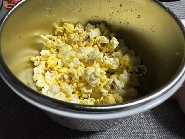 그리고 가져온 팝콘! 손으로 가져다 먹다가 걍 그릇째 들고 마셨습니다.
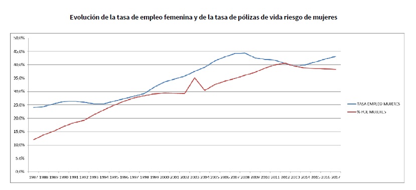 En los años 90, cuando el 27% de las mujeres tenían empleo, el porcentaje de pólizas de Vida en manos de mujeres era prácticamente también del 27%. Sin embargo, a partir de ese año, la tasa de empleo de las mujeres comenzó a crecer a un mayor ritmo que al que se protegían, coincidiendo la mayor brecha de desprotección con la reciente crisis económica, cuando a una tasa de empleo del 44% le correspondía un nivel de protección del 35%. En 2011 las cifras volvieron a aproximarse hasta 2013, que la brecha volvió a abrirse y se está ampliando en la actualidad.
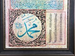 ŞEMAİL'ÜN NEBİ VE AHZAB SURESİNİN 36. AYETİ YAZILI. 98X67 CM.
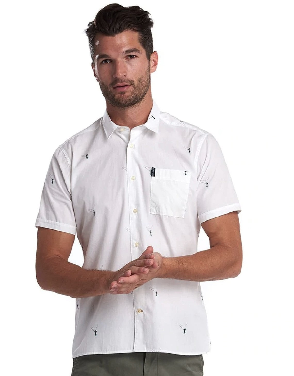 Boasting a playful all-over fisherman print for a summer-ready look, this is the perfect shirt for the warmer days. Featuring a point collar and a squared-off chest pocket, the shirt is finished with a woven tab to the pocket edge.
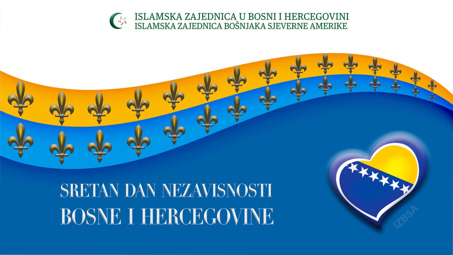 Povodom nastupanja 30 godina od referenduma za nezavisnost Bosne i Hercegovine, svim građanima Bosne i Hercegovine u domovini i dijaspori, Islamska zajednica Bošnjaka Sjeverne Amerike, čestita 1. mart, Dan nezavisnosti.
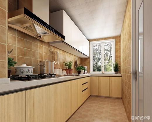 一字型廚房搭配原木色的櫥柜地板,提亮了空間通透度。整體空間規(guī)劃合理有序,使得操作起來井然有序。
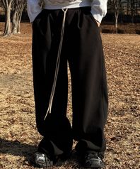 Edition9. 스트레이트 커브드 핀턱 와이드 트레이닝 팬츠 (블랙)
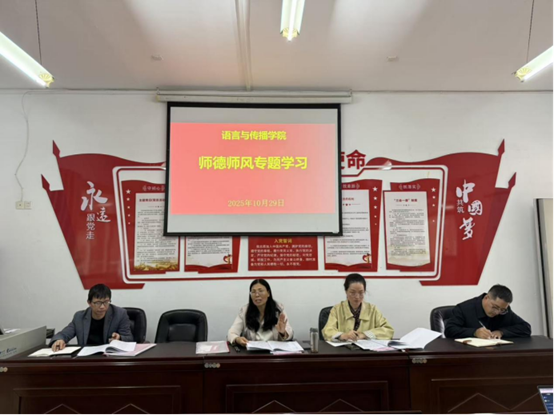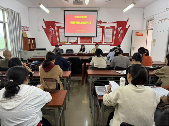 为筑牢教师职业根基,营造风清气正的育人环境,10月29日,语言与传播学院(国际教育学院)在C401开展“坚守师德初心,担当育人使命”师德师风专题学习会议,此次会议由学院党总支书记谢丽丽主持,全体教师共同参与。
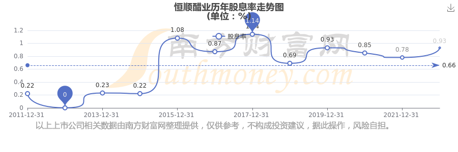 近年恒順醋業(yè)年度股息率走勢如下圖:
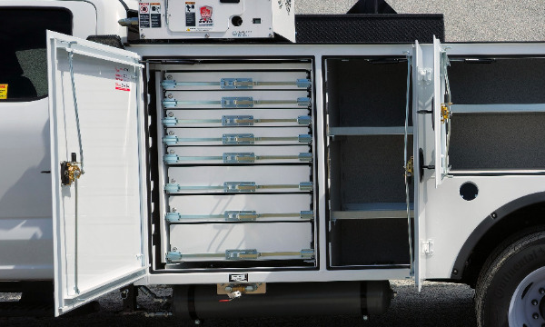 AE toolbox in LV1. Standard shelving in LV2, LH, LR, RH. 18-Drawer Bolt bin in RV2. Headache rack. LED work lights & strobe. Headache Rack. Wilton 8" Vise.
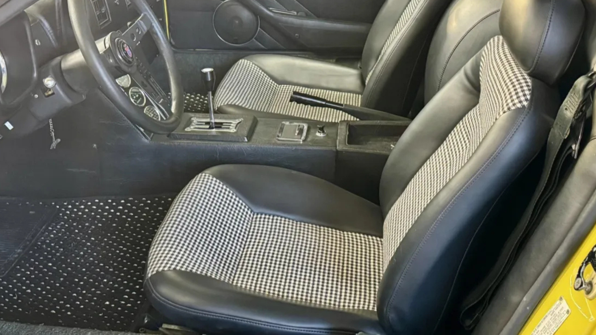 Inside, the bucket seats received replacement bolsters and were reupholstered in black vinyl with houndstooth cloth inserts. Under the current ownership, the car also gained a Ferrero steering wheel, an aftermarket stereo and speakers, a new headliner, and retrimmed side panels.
────────────────────────────────────────
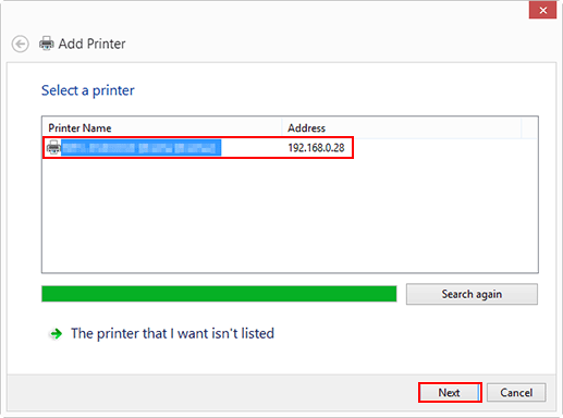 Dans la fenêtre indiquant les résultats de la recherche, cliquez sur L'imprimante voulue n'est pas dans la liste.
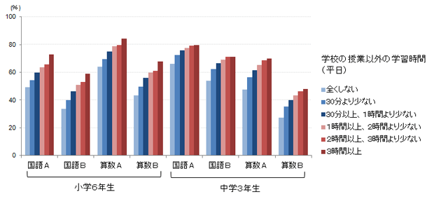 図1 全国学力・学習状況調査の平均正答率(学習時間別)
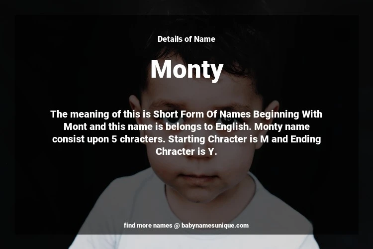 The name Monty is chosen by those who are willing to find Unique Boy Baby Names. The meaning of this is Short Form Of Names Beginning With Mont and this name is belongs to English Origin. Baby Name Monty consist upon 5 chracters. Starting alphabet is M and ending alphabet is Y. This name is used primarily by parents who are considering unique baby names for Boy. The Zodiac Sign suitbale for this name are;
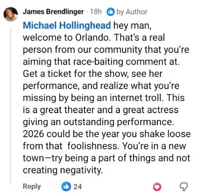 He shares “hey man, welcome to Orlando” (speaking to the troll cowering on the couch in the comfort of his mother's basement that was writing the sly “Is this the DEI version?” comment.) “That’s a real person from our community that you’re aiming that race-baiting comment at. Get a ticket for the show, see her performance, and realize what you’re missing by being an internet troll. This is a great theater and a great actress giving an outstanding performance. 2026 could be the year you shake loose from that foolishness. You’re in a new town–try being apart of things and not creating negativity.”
────────────────────────────────────────
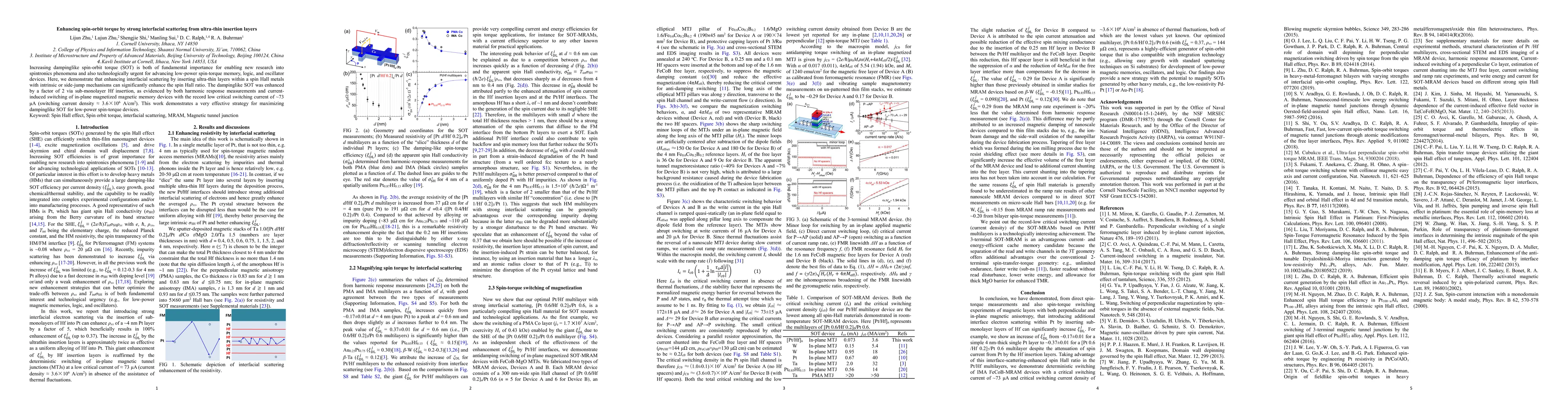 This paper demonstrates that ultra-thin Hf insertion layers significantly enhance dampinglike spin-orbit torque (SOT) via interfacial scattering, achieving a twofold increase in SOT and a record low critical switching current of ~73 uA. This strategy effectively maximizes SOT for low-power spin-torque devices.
────────────────────────────────────────
# Description of the task
Above, find the line with "Povodom nastupanja 30"; copy it and every line down to the line with "Edition9. 스트레이트 커브드 핀턱 와이드 트레이닝 팬츠 (블랙)", exactly and both included, but no pictures.

# Written solution
 Povodom nastupanja 30 godina od referenduma za nezavisnost Bosne i Hercegovine, svim građanima Bosne i Hercegovine u domovini i dijaspori, Islamska zajednica Bošnjaka Sjeverne Amerike, čestita 1. mart, Dan nezavisnosti.
 一字型廚房搭配原木色的櫥柜地板,提亮了空間通透度。整體空間規(guī)劃合理有序,使得操作起來井然有序。
 Edition9. 스트레이트 커브드 핀턱 와이드 트레이닝 팬츠 (블랙)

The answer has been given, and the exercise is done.